Обличение мещанства и аристократии («Гадкий утенок», «Счастливое семейство», «Штопальная игла», «Воротничок», «Ель», «Пастушка и трубочист», «Тень»), судьбы искусства в буржуазном обществе («Соловей», «Старый дом»), жизнь большого города («Девочка со спичками») — вот далеко не полный перечень новых современных тем в творчестве Андерсена этого периода. Обличение мещанства, ранее прозвучавшее в сказках «Свинопас» и «Оле-Лукойе», становится основной темой Андерсена в 1840-х годах. И для Дании это было делом огромной важности, если учесть отмеченный Ф. Энгельсом мещанский, филистерский характер, свойственный многим слоям датского общества того времени.[14] Но экономическая и политическая отсталость Дании, слабость демократического движения в стране привели к некоторым противоречиям в сказках Андерсена. Наряду с обличительной линией в произведениях этого периода появляются пессимистические и сентиментально-религиозные нотки («Девочка со спичками», «История одной матери» и др.).
1840-е годы — период появления таких мудрых социальных сказок Андерсена, как «Гадкий утенок», «Снежная королева» и «Тень», — сказок, в которых своеобразная новаторская художественная манера писателя получает дальнейшее развитие. Бесконечно расширяется диапазон сказки, в нее широким потоком хлынула теперь повседневная будничная жизнь и природа. Если в первом сборнике сказок Андерсена выступают лишь отдельные персонифицированные явления природы — цветы, река и др., то в 1840-х годах писатель воссоздает датскую природу гораздо шире. В сказках оживают чудесные луга, леса и сады, необозримые лапландские просторы, плодородные поля, канавы, поросшие красными и желтыми цветами, древние курганы. «В особенности люблю я эти большие, залитые солнцем зеленые лужайки посреди леса, эти зеленые равнины, где пасутся олени и лоси… Я могу часами ходить и созерцать окружающее, но эти часы, я надеюсь, не пропадают даром; точно так же, как солнечный луч влияет на пластинку дагерротипа, так влияют они на мою мысль, и рождается правдивая картина», — писал Андерсен 23 июня 1845 года. В сказку Андерсена в 1840-х годах широко вводятся элементы национальной истории. Вместе с тем в ней все большее место занимает современность. Описание жизни народа, введение темы науки придает сказкам Андерсена большую достоверность и реалистичность. Писатель в такой мере насыщает сказку реальным жизненным материалом, что сам начинает сомневаться, остается ли она сказкой, не превращается ли в маленькую повесть или в бытовой рассказ. Отсюда — колебания Андерсена в определении того, что такое «сказка» и что такое «история», высказанные им в сказке «Бузинная матушка». С одной стороны, он ставит между ними знак равенства, так как один из героев заявляет, что любой предмет, на который упадет взор, может превратиться в сказку и из любого предмета, к которому прикасаются, можно извлечь историю. Однако от того, что героями сказки становятся реальные люди, обычные предметы, птицы и животные, сама сказка не теряет своей необычности, волшебства, фантастичности.

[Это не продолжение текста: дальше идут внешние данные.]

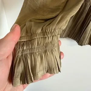 Beautiful Philosophy long sleeve blouse in a soft olive taupe / khaki neutral tone. Features flattering V-neckline, smocked waist, and pleated peplum hem and cuffs. Lightweight flowy fabric with elegant drape — great for work, date night, or dressy casual outfits.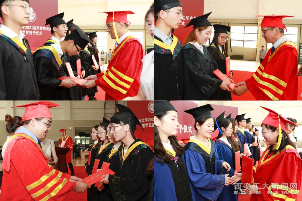 刘卫国、张群为获得学位的毕业生代表拨穗正冠并颁发证书。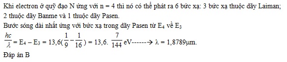 . Nếu nguyên tử hiđrô đang ở trạng thái kích thích ứng với mức năng lượng N thì số bức xạ nó có thể phát ra và bước sóng dài nhất của các bức xạ đó lần lượt là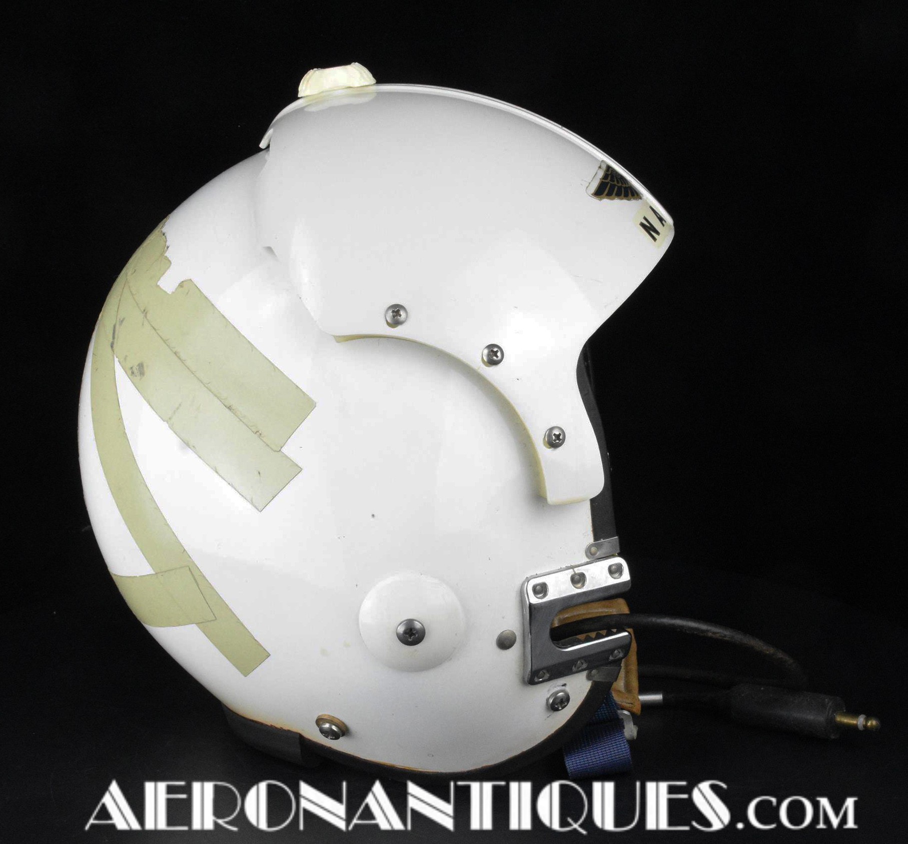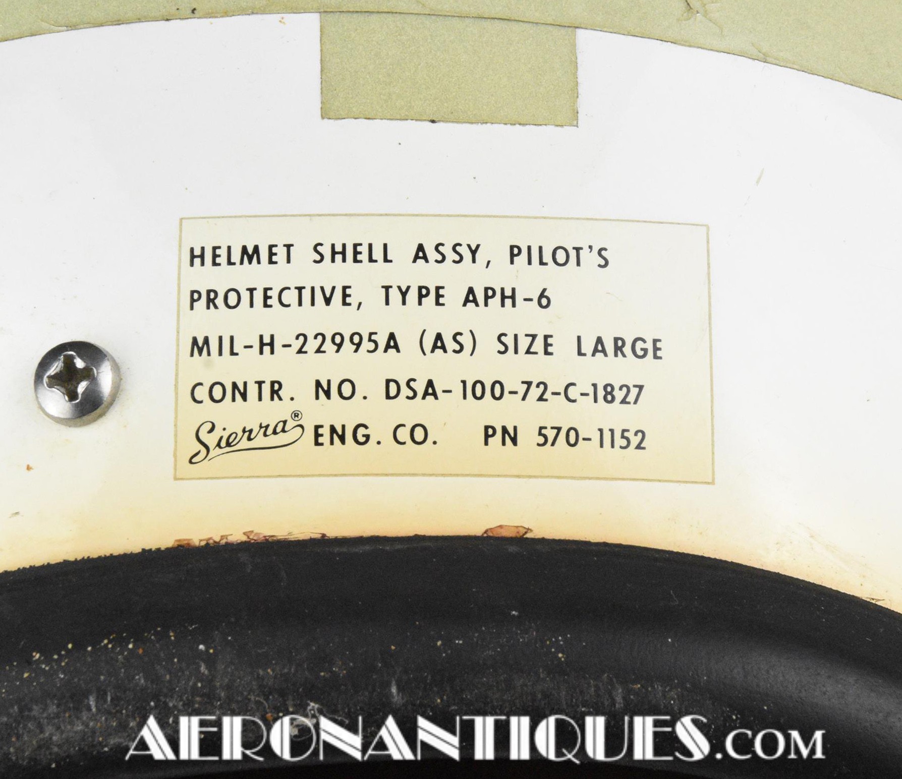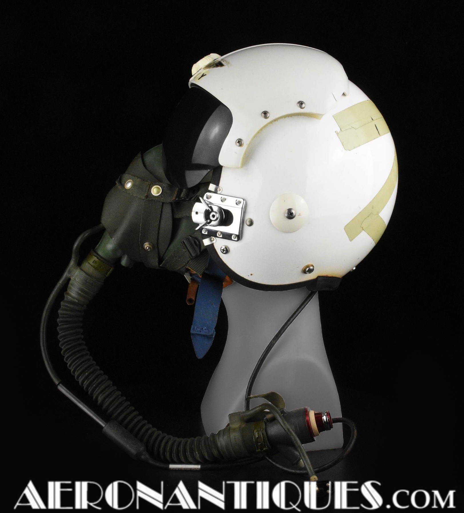 Circa 1972 US Navy jet fighter pilot flight helmet and oxygen mask. Flight helmet is an APH-6D  (3rd pattern with 2 parts styrofoam liner), made by SIERRA, complete with avionics and leather covered foam cushion pads. Single tinted visor. Rare Large size. Matching A13-A oxygen mask dated 1966, made by MSA. Size MEDIUM. MC-3/A oxygen connector. Hardman hardshell with chromed butterfly fasteners. Rigger made oxygen mask carrying bag.  Outstanding condition. Display included.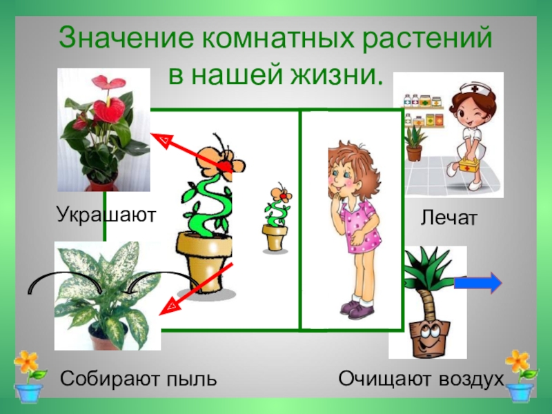 Значение комнатных растений  в нашей жизни.УкрашаютЛечатСобирают пыльОчищают воздух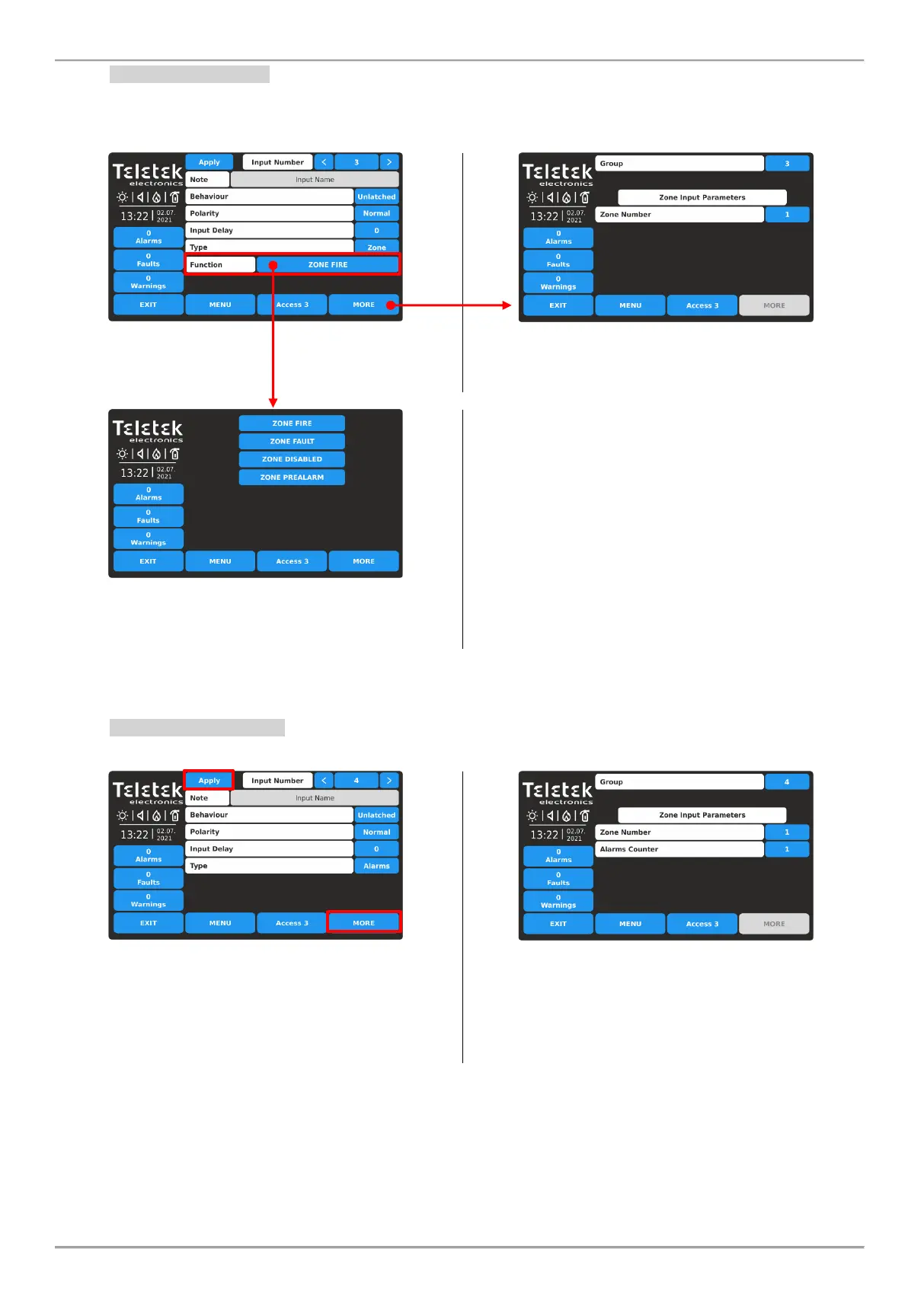 settings for the zone type input. Note that all introduced changes must be confirmed with APPLY button in this main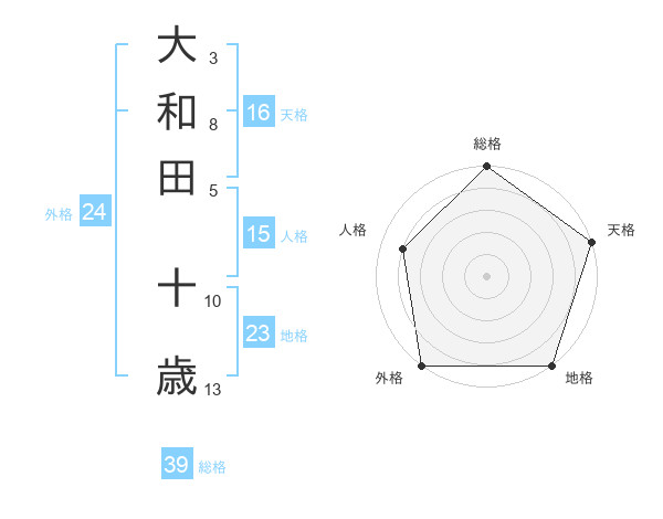 大和田 十歳さんを姓名の画数から五運を鑑定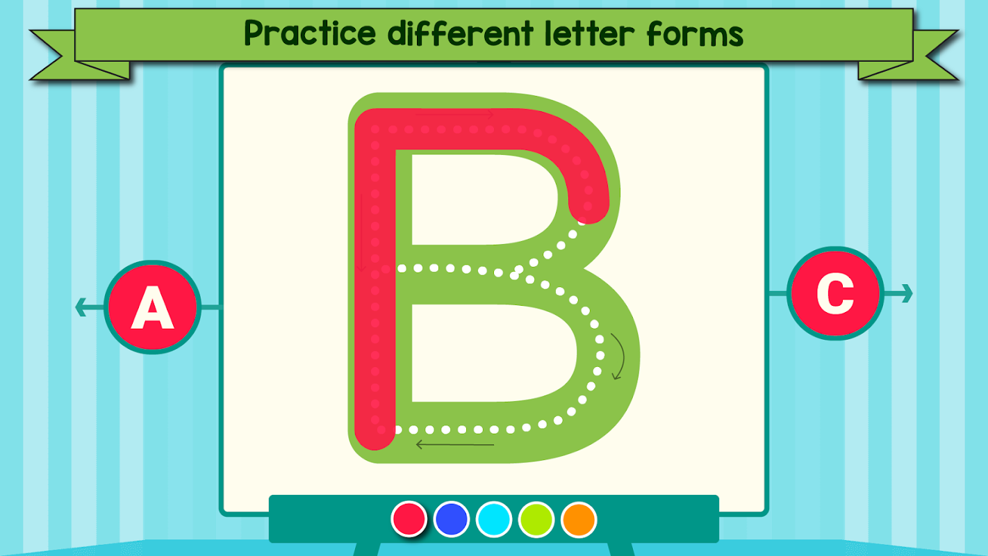 ☛Ứng dụng tô theo này được thiết kế để giúp tăng cường sự phối hợp tay mắt của trẻ mới biết đi và trẻ mẫu giáo và giúp chúng vẽ các đường thẳng, đường cong và một số hình dạng cơ bản để chúng có thể làm quen với khái niệm viết mà không làm chúng choáng ngợp. Mỗi trẻ có thể học theo tốc độ của riêng mình trong khi vẫn vui chơi. Phù hợp với trẻ mẫu giáo từ 3 đến 6 tuổi và cũng giúp chúng cải thiện chữ viết tay cũng như hiểu biết về âm thanh ngữ âm và tô theo chữ cái. Ứng dụng có một số trò chơi giúp trẻ nhận biết hình dạng, liên kết bảng chữ cái với âm thanh ngữ âm của chúng. Trẻ em có thể học tiếng Anh và bảng chữ cái tiếng Anh bằng trò chơi trực tuyến miễn phí này.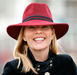 Zara Tindall’s magenta felt percher with oversize flower by The Cotswold Milliner worn Mar 17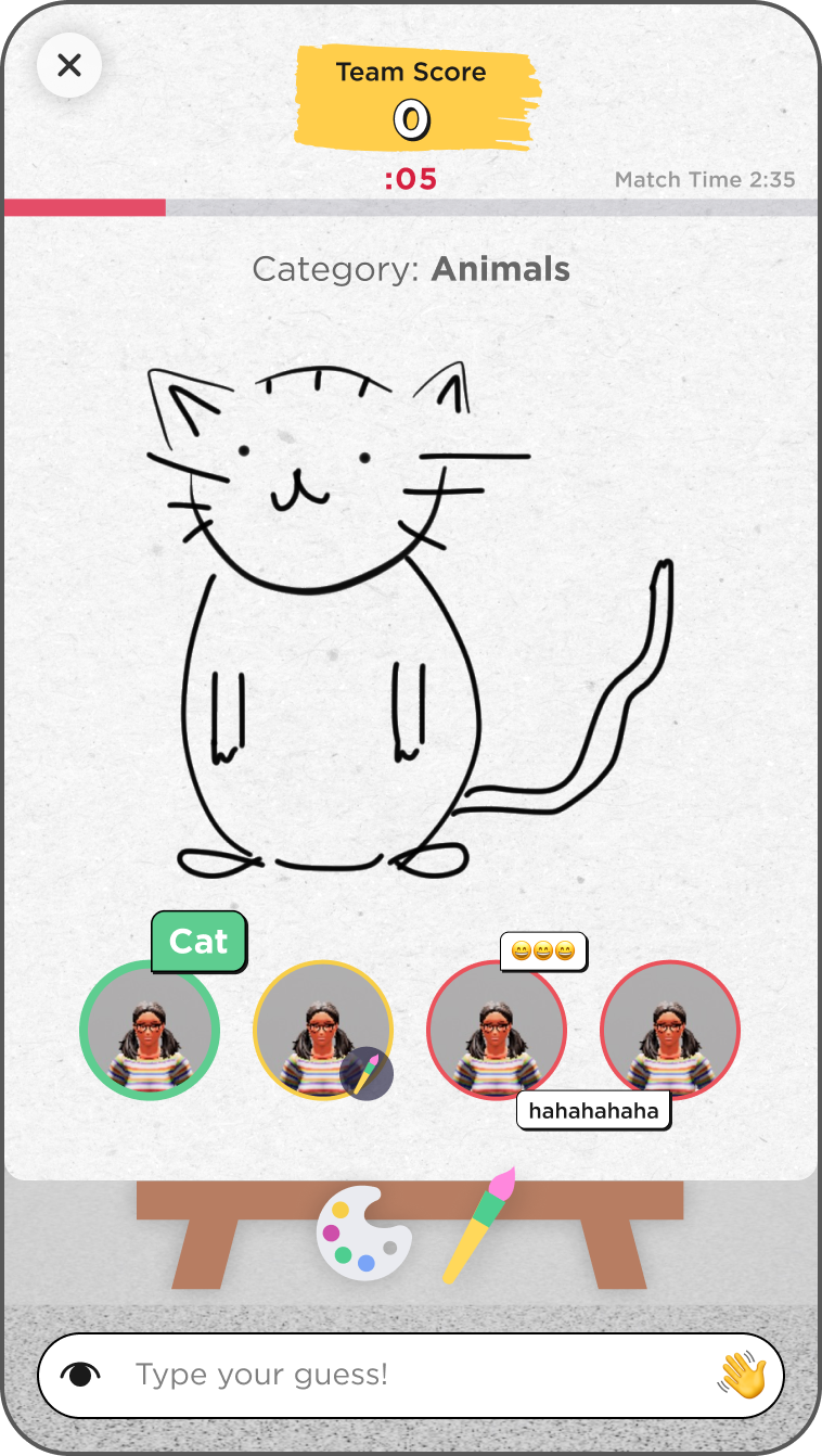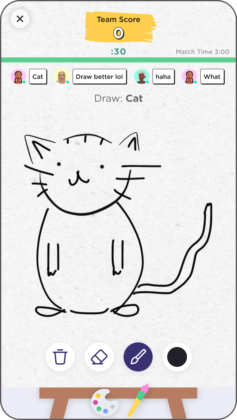 Drawing Together is a canvas-first, 2–4 player Pictionary-style game designed for warm, low-pressure togetherness. Each round follows a simple rhythm—prompt → draw/guess → reveal—with gentle timers to add energy without stress and little celebration beats on the reveal. The goal is social: make it easy to contribute, build camaraderie through teamwork, and turn small wins into real friendship.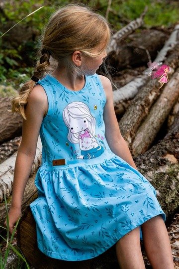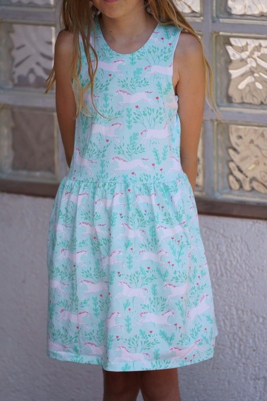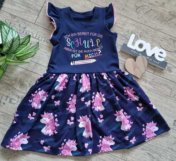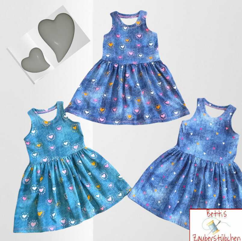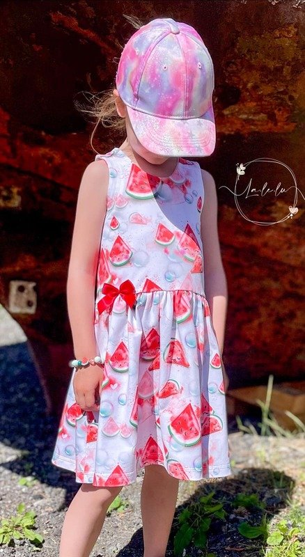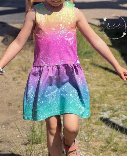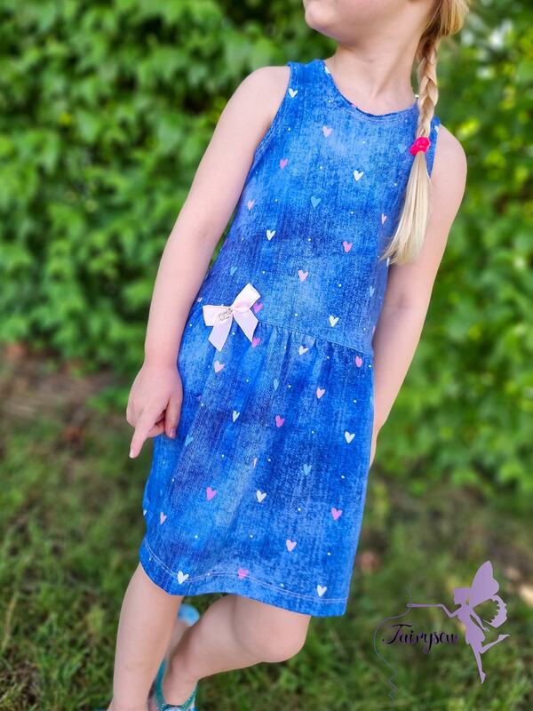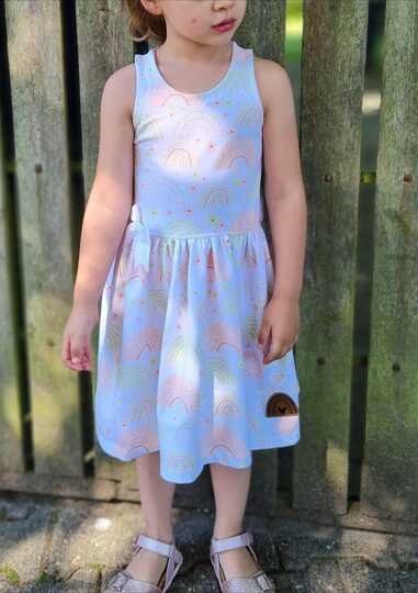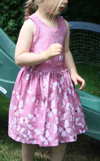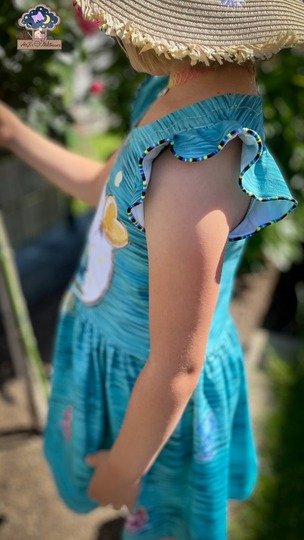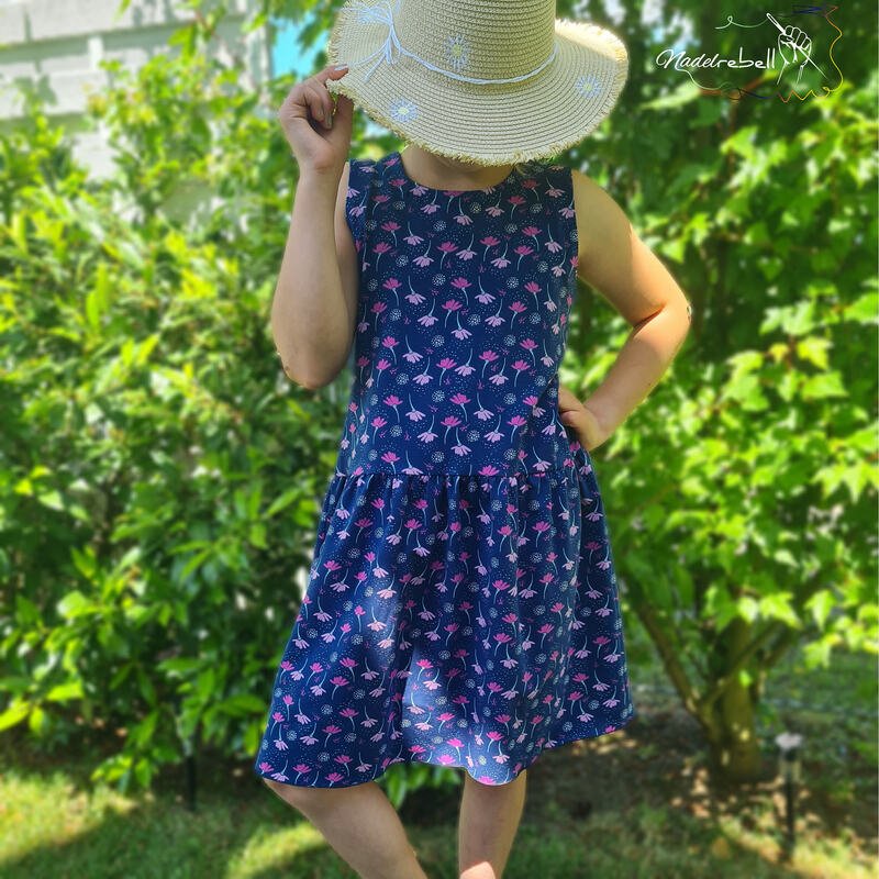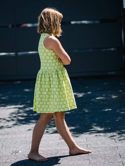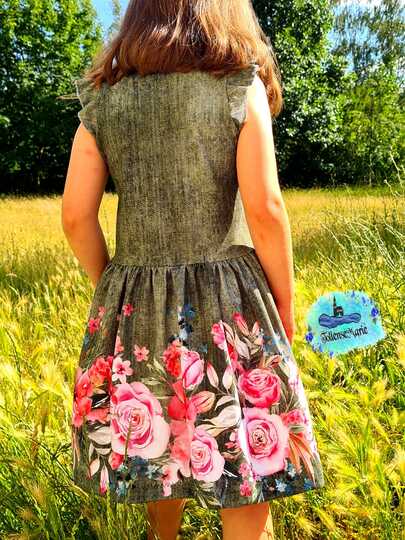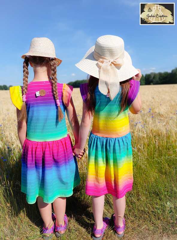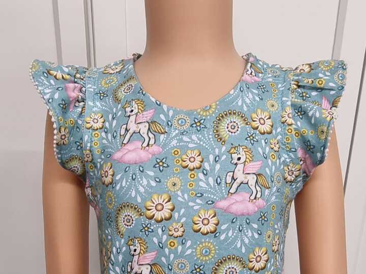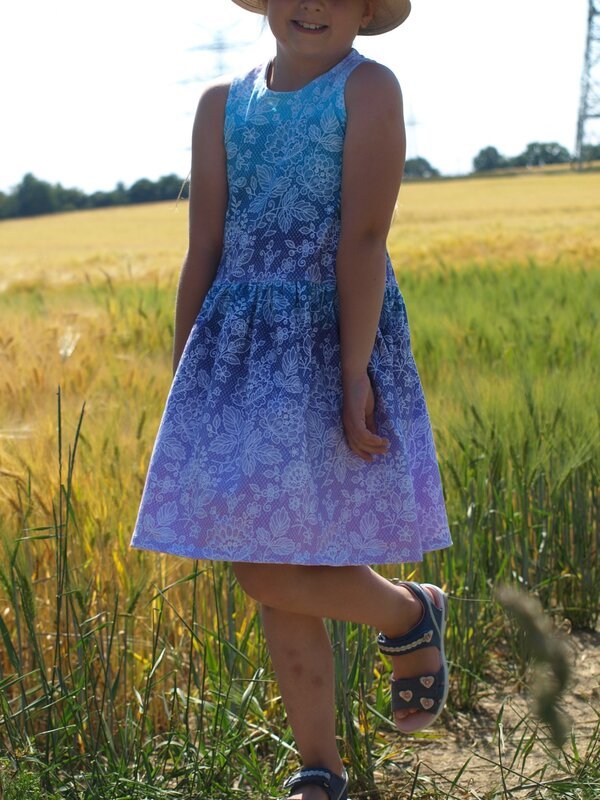 Das Kleid kannst du von Gr. 104 – 164 in Einzelgrößen nähen – und das ganz ohne Bündchen. Die Armausschnitte sowie der Halsausschnitt werden mit Belegen genäht – und wenn du magst, kannst du zusätzlich noch Flügelärmchen mit einnähen.

Важными вехами дальнейшего развития общественных и литературных взглядов Андерсена были революция 1848 года во Франции, ее отзвуки в Дании, известные в истории под названием «мартовские события», и войны, которые Дания вела со Шлезвиг-Гольштейном. Андерсен не участвовал в волнениях, происходивших в Копенгагене. Тем не менее, в последовавших за «мартовскими событиями» романе «Две баронессы» (1848), в путевом очерке «По Швеции» (1851) и в новом романе «Быть или не быть» (1857) ощутимы сложные философские раздумья и усиление общественных мотивов. В книге «По Швеции», куда Андерсен включил несколько историй, предваряющих его сборники «Истории» (1852–1855) и «Новые сказки и истории» (1868–1872), бросается в глаза возросший интерес автора к национальным преданиям. Последнее, впрочем, так же как ненависть сказочника к кровопролитию и его гимны миру, которые занимают значительное место в его историях, письмах и дневниках 1850–1860 годов, вызвано современными ему войнами.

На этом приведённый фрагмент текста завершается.